Only one stretch of the listing below is wanted. Give it again exactly, from the line with "Alpha Omicron Pi" through the line with "互动游戏击鼓传花!鼓点响起,花在手中传递".

**INFORMATION**

————

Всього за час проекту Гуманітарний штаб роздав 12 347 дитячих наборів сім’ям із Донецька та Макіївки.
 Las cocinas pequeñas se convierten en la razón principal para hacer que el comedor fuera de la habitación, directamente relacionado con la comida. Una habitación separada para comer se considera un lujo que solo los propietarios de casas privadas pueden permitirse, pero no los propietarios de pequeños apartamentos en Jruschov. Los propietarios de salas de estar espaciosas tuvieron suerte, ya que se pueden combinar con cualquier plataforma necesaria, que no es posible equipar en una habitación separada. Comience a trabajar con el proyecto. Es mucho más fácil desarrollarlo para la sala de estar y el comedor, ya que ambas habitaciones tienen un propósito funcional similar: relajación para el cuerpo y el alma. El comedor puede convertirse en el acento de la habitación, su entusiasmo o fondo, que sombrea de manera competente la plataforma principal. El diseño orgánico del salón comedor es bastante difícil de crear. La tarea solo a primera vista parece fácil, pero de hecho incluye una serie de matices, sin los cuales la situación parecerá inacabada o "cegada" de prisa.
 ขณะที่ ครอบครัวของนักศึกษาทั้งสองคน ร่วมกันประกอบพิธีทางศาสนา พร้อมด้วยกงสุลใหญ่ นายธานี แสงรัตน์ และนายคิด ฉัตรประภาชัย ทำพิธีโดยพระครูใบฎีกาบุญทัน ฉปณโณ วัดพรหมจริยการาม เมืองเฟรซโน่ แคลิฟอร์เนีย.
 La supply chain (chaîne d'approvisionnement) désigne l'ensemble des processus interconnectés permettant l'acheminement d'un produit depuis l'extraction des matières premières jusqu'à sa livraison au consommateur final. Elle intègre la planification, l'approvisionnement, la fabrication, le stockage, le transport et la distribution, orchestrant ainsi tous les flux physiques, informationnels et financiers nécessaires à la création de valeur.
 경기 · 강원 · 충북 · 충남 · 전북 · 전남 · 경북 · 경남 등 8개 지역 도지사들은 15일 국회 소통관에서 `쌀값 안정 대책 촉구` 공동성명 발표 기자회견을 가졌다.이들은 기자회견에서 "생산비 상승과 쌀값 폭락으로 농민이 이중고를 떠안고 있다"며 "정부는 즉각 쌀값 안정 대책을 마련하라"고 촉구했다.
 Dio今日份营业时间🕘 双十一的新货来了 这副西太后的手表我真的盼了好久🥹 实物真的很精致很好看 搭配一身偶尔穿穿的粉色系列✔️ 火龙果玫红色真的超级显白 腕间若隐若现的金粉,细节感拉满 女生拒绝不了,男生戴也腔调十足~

————

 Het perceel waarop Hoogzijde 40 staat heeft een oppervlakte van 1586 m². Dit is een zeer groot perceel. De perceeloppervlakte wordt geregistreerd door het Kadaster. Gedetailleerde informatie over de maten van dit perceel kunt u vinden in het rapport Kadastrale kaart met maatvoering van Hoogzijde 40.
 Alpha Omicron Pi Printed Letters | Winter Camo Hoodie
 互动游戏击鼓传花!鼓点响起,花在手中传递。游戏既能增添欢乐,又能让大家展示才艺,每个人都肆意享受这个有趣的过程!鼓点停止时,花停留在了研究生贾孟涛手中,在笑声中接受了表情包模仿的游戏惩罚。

————

**RESPONSE BOX**
 Alpha Omicron Pi Printed Letters | Winter Camo Hoodie
 互动游戏击鼓传花!鼓点响起,花在手中传递。游戏既能增添欢乐,又能让大家展示才艺,每个人都肆意享受这个有趣的过程!鼓点停止时,花停留在了研究生贾孟涛手中,在笑声中接受了表情包模仿的游戏惩罚。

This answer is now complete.